- TASK TO CARRY OUT -
Go to the line that contains "According to the" in the listing below, then output it and every line after it exactly, omitting pictures.

- INFORMATION SHOWN -
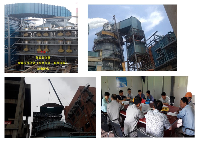 5、6號機(jī)組脫硫提效改造項(xiàng)目;包括新增低溫省煤器、原吸收塔增高、新建副漿液箱、新增濕式電除塵現(xiàn)場所必需的所有的建筑、安裝工作,以及新增設(shè)備的附屬系統(tǒng)安裝、設(shè)備基礎(chǔ)制作、與新設(shè)備沖突的舊設(shè)備、煙道等拆除、清理、恢復(fù),設(shè)備安裝完畢后實(shí)驗(yàn)檢驗(yàn)、單體調(diào)試,配合試運(yùn)直至168結(jié)束。
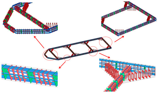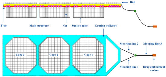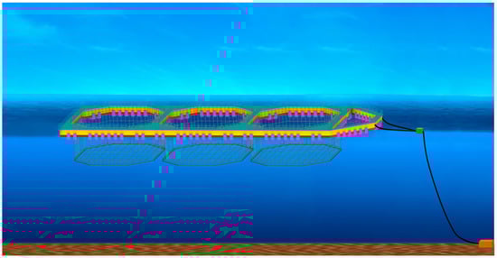 According to the design method and principle of Section 3, the designed schematic of the innovative deep-sea aquaculture platform is illustrated in Figure 7. The primary structure consists of a steel framework integrated with HDPE floats. The design accommodates three aquaculture cages arranged sequentially on the platform, with adjacent cages sharing a steel cross-brace to enhance structural integrity. Diagonal braces within each cage serve to consolidate multiple cages on a single platform, facilitating integrated, large-scale, and automated deep-sea aquaculture operations. The platform also features an upper grating walkway to facilitate routine operations by aquaculture personnel and to allow the installation of supplementary equipment, such as lifting gear. Safety rails are installed on both sides of the walkway to ensure the safety of personnel during operations.
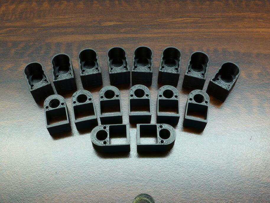 První sada "Průša-style" – výtisky z firemních barev černé a oranžové – ASA, PETG a stříbrného PLA (ověřovací výtisk pro další experimenty) + další drobné konstrukční díly z ASA.
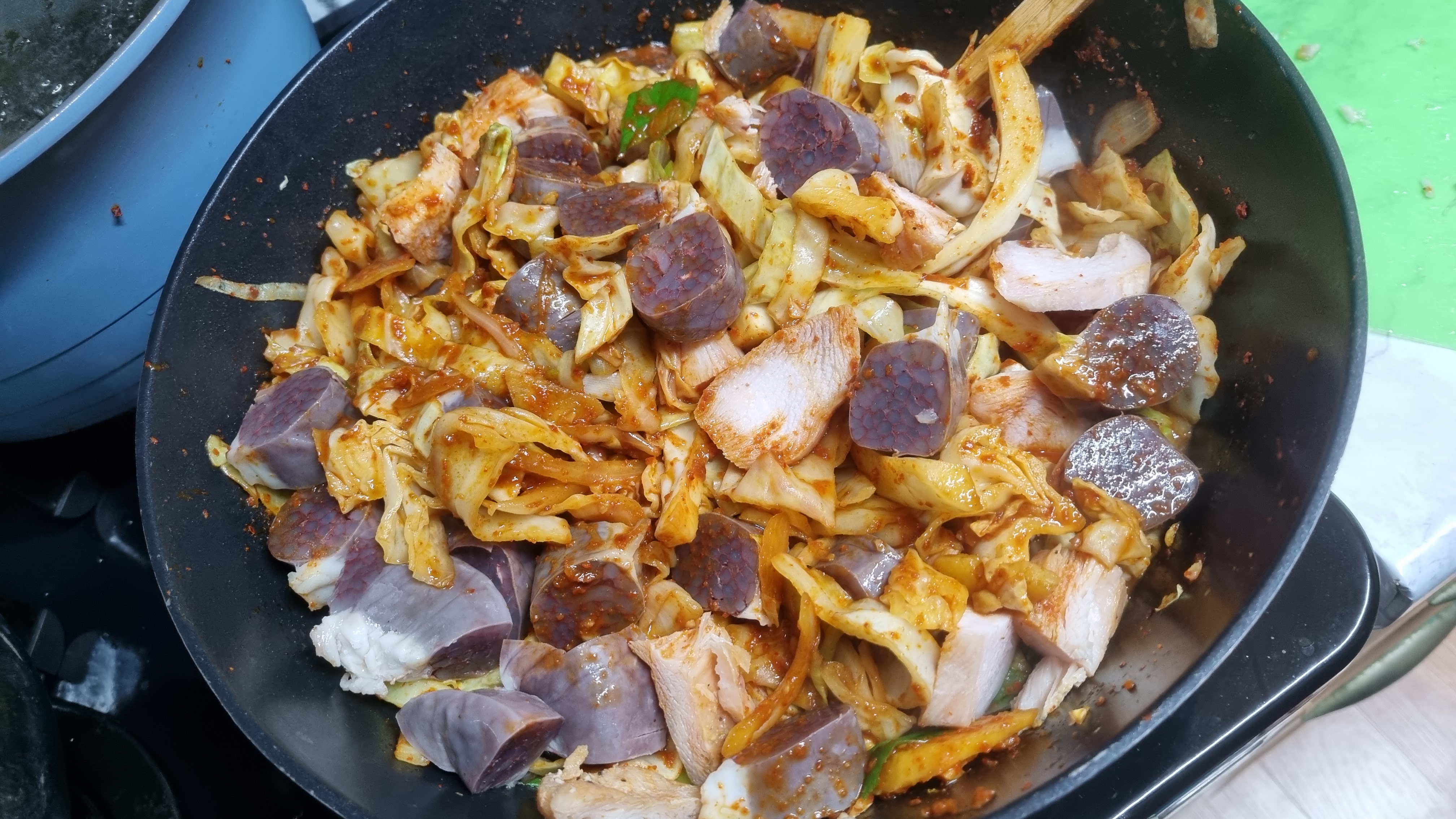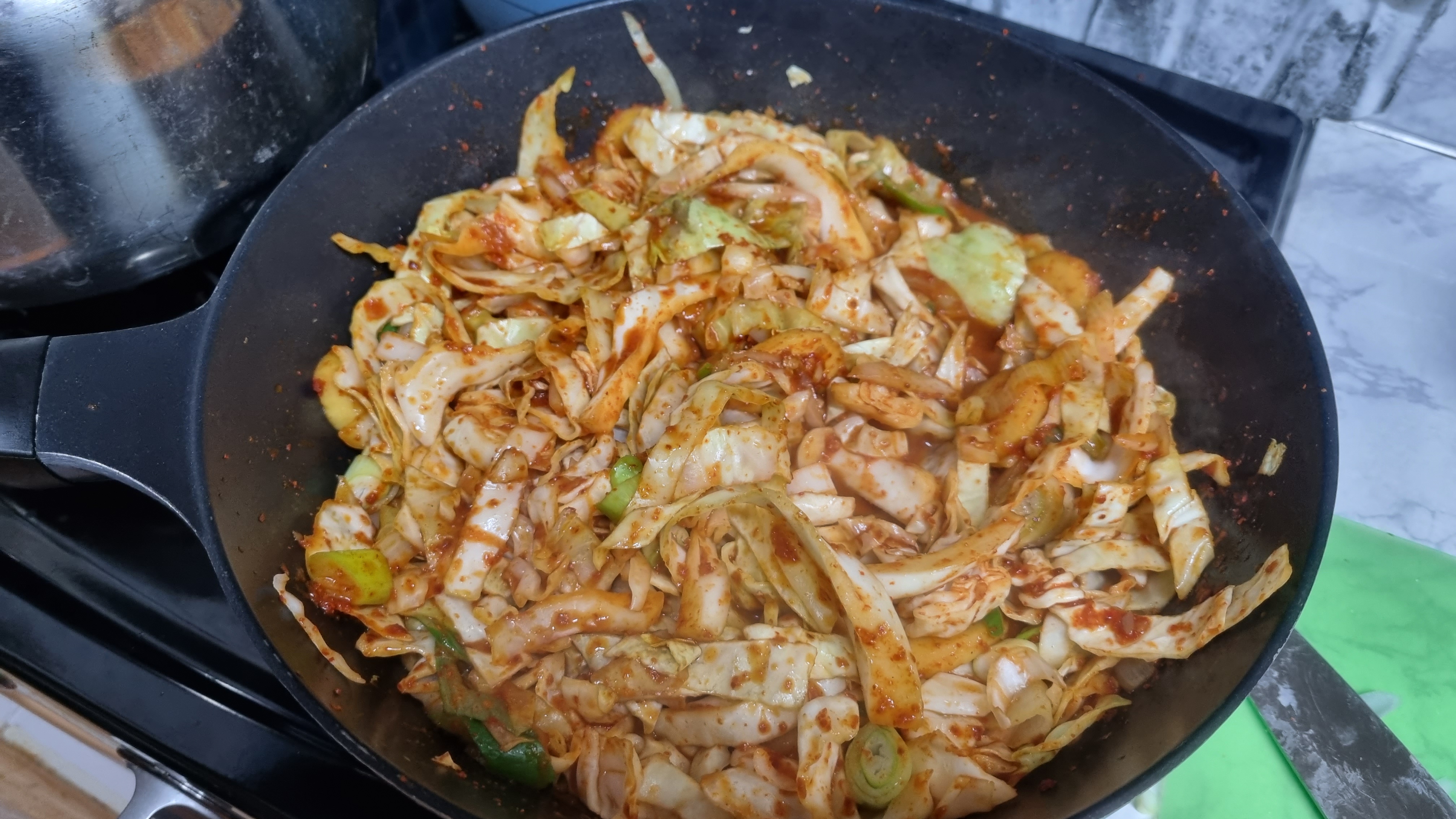 이렇게 양배추는 2~3분 정도 볶은 후 순대를 넣으시면 되겠습니다.

- SOLUTION FOR THIS EXERCISE -
 According to the design method and principle of Section 3, the designed schematic of the innovative deep-sea aquaculture platform is illustrated in Figure 7. The primary structure consists of a steel framework integrated with HDPE floats. The design accommodates three aquaculture cages arranged sequentially on the platform, with adjacent cages sharing a steel cross-brace to enhance structural integrity. Diagonal braces within each cage serve to consolidate multiple cages on a single platform, facilitating integrated, large-scale, and automated deep-sea aquaculture operations. The platform also features an upper grating walkway to facilitate routine operations by aquaculture personnel and to allow the installation of supplementary equipment, such as lifting gear. Safety rails are installed on both sides of the walkway to ensure the safety of personnel during operations.
 První sada "Průša-style" – výtisky z firemních barev černé a oranžové – ASA, PETG a stříbrného PLA (ověřovací výtisk pro další experimenty) + další drobné konstrukční díly z ASA.
 이렇게 양배추는 2~3분 정도 볶은 후 순대를 넣으시면 되겠습니다.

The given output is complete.